→ **Goal of the exercise**
Starting at the line below that contains "GOLES. 1-0. Minuto" and ending at the line that contains "フロントの大きなリボンはポケットになっていて、く収納力も◎", retype each line exactly as it stands, but omit the pictures.

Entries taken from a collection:
☆ ☆ ☆ ☆ ☆
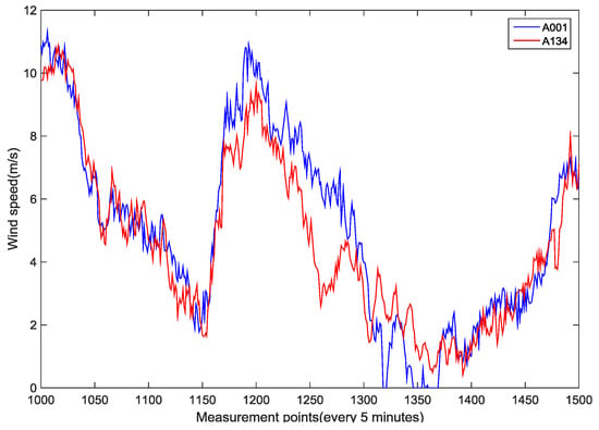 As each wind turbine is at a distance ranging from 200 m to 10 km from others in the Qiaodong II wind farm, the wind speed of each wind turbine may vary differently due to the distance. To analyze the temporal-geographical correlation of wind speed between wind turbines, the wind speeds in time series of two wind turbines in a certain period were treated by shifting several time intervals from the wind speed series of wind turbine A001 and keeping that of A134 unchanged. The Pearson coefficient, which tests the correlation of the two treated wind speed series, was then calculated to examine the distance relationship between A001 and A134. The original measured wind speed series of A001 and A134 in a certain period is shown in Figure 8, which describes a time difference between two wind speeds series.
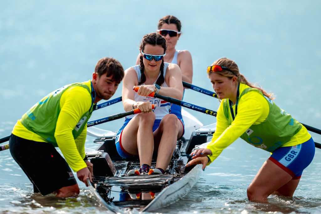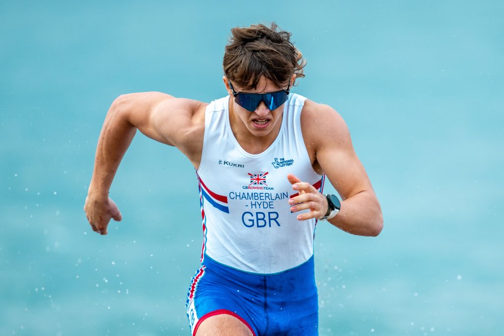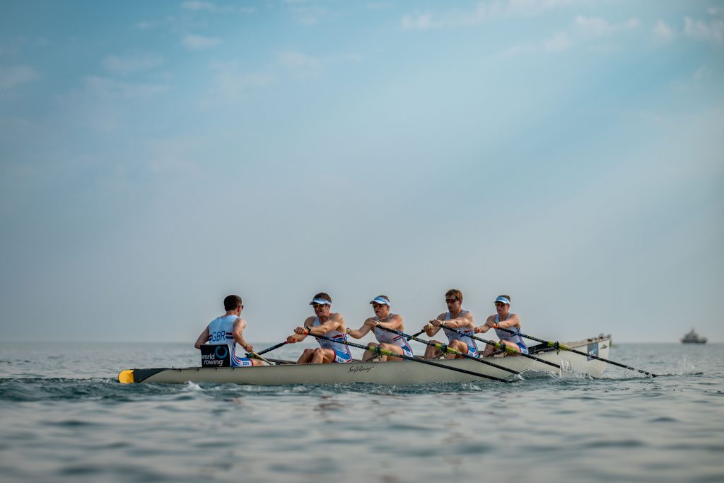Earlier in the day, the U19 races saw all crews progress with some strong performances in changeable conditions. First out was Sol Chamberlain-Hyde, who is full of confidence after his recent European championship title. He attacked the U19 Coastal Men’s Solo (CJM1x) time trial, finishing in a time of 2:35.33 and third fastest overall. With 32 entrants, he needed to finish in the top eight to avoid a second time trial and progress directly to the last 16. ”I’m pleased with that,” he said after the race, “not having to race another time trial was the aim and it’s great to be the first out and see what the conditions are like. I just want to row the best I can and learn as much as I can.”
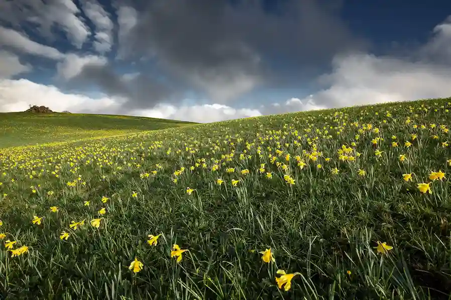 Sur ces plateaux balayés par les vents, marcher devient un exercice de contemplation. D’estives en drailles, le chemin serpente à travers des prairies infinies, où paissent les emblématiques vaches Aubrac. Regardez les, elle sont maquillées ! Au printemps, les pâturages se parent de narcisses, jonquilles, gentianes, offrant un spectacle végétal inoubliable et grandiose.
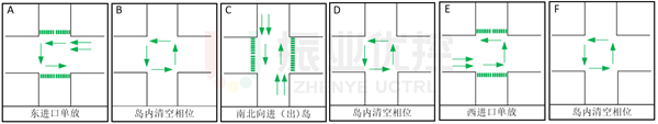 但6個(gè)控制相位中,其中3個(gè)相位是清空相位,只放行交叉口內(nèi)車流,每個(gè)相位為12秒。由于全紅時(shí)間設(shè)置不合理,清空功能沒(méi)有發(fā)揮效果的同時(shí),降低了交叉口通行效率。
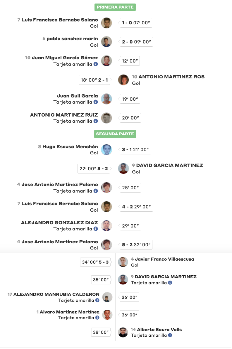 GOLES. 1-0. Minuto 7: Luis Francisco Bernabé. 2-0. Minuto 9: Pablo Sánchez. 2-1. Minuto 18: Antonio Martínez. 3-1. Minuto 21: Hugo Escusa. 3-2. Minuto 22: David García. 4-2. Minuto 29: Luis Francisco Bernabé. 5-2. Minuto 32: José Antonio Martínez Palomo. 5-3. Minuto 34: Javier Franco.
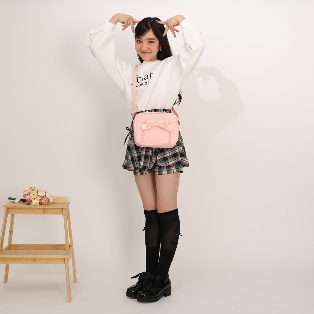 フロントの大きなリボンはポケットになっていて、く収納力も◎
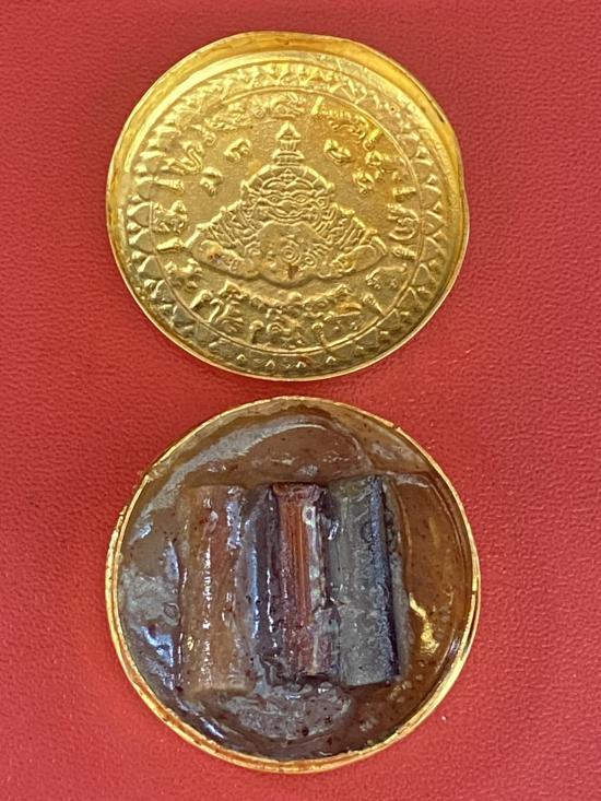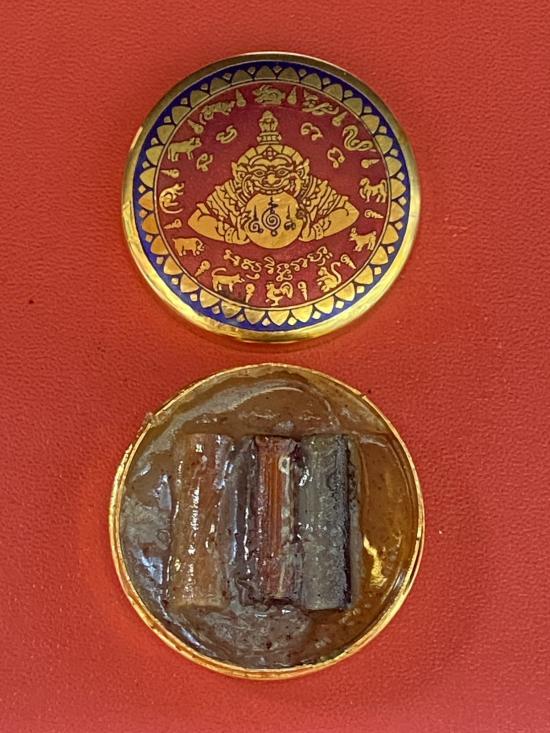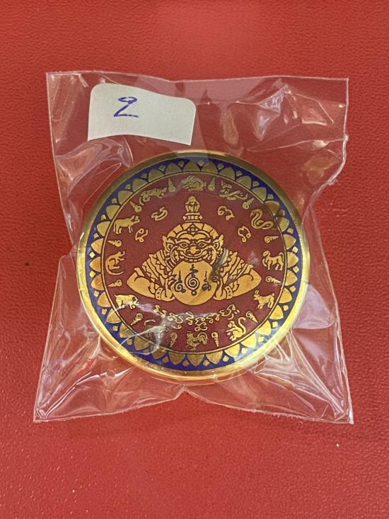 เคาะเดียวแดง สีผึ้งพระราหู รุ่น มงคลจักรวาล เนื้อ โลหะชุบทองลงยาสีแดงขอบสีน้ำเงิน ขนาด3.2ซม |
☆ ☆ ☆ ☆ ☆
→ **Answer**
 GOLES. 1-0. Minuto 7: Luis Francisco Bernabé. 2-0. Minuto 9: Pablo Sánchez. 2-1. Minuto 18: Antonio Martínez. 3-1. Minuto 21: Hugo Escusa. 3-2. Minuto 22: David García. 4-2. Minuto 29: Luis Francisco Bernabé. 5-2. Minuto 32: José Antonio Martínez Palomo. 5-3. Minuto 34: Javier Franco.
 フロントの大きなリボンはポケットになっていて、く収納力も◎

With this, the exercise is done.